• [EXERCISE INSTRUCTIONS]: Retype the data that follows exactly. No pictures belong in the copy.

• [DATASET CONTENT]:

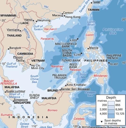 South China Sea as China and the Philippines clash over Sandy Cay Reef. What
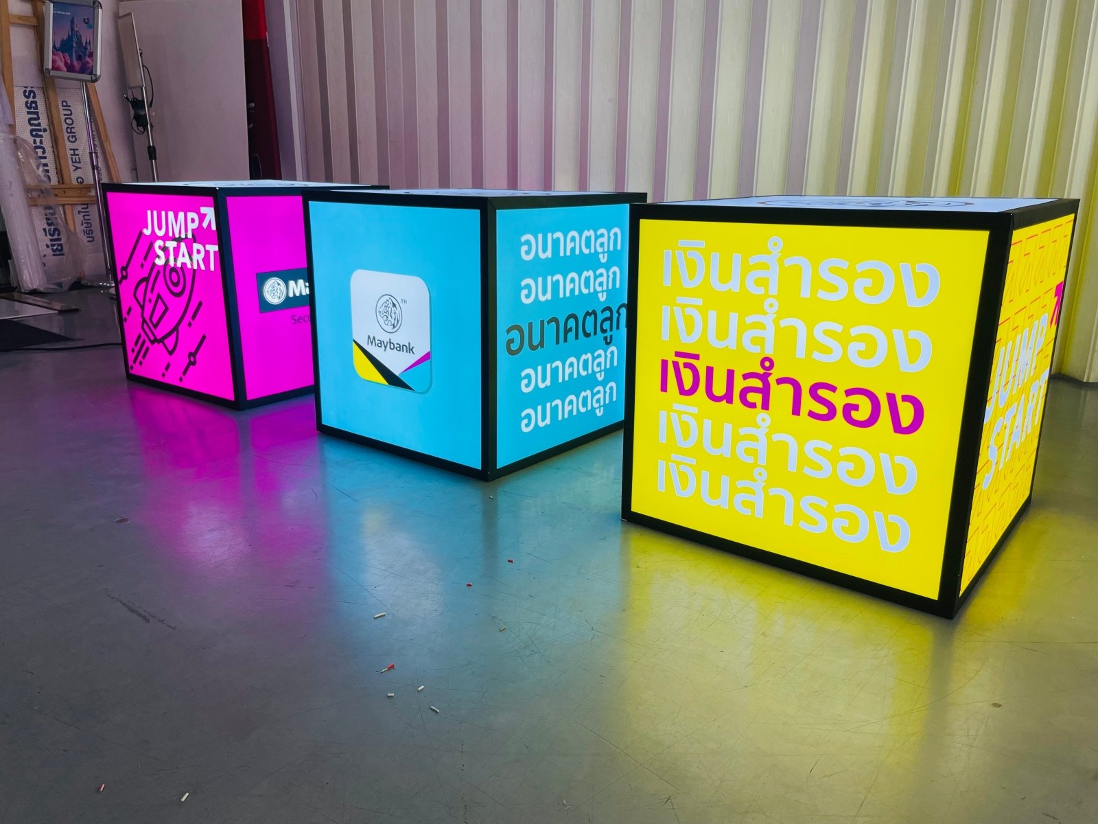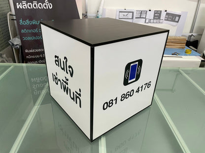 รับทำกล่องไฟ Cubic กล่องไฟสี่เหลี่ยม ทรงลูกเต๋า ป้ายไฟ กล่องตั้งพื้น สำหรับใช้งานทั้งภายนอกภายใน ตู้ไฟสี่เหลี่ยม กล่องไฟอะคริลิค กล่องไฟออกรอบด้าน
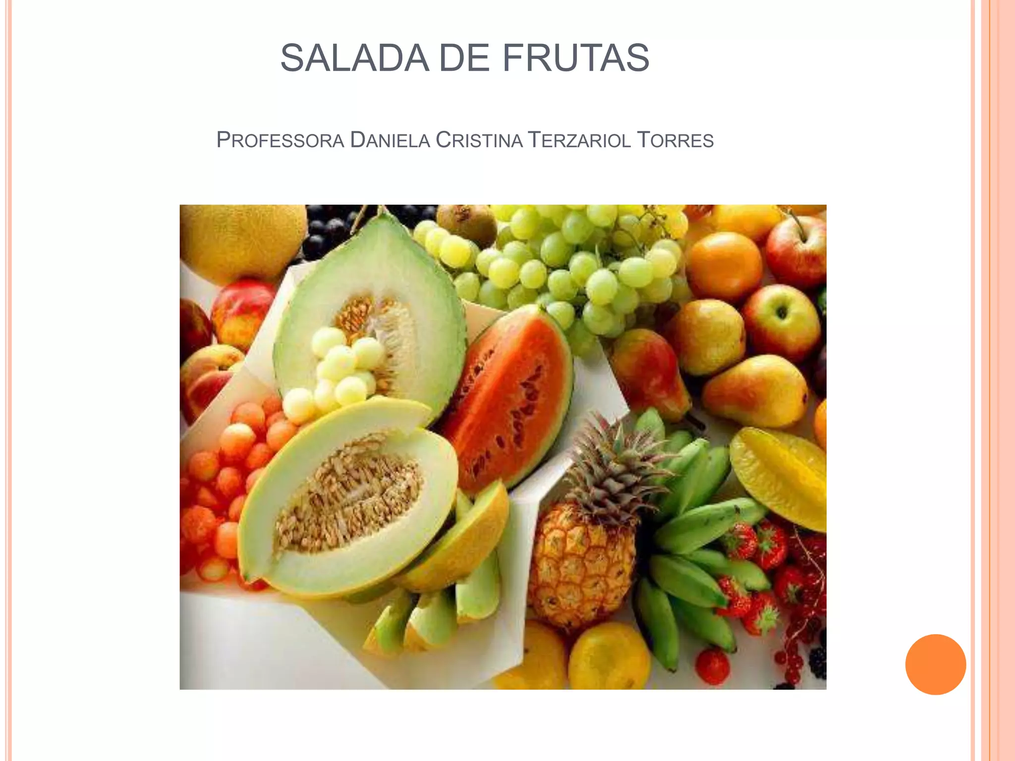 This document outlines an activity to make a fruit salad. The objectives are to learn about plant diversity and develop observation, classification, experimentation, and oral language skills. The activity is aimed at 4-5 year old children. It will involve using different fruits, their seeds, and assembling the fruit salad. References to learning materials and images are provided.

• [OUTPUT FOR THIS TASK]:
 South China Sea as China and the Philippines clash over Sandy Cay Reef. What
 รับทำกล่องไฟ Cubic กล่องไฟสี่เหลี่ยม ทรงลูกเต๋า ป้ายไฟ กล่องตั้งพื้น สำหรับใช้งานทั้งภายนอกภายใน ตู้ไฟสี่เหลี่ยม กล่องไฟอะคริลิค กล่องไฟออกรอบด้าน
 This document outlines an activity to make a fruit salad. The objectives are to learn about plant diversity and develop observation, classification, experimentation, and oral language skills. The activity is aimed at 4-5 year old children. It will involve using different fruits, their seeds, and assembling the fruit salad. References to learning materials and images are provided.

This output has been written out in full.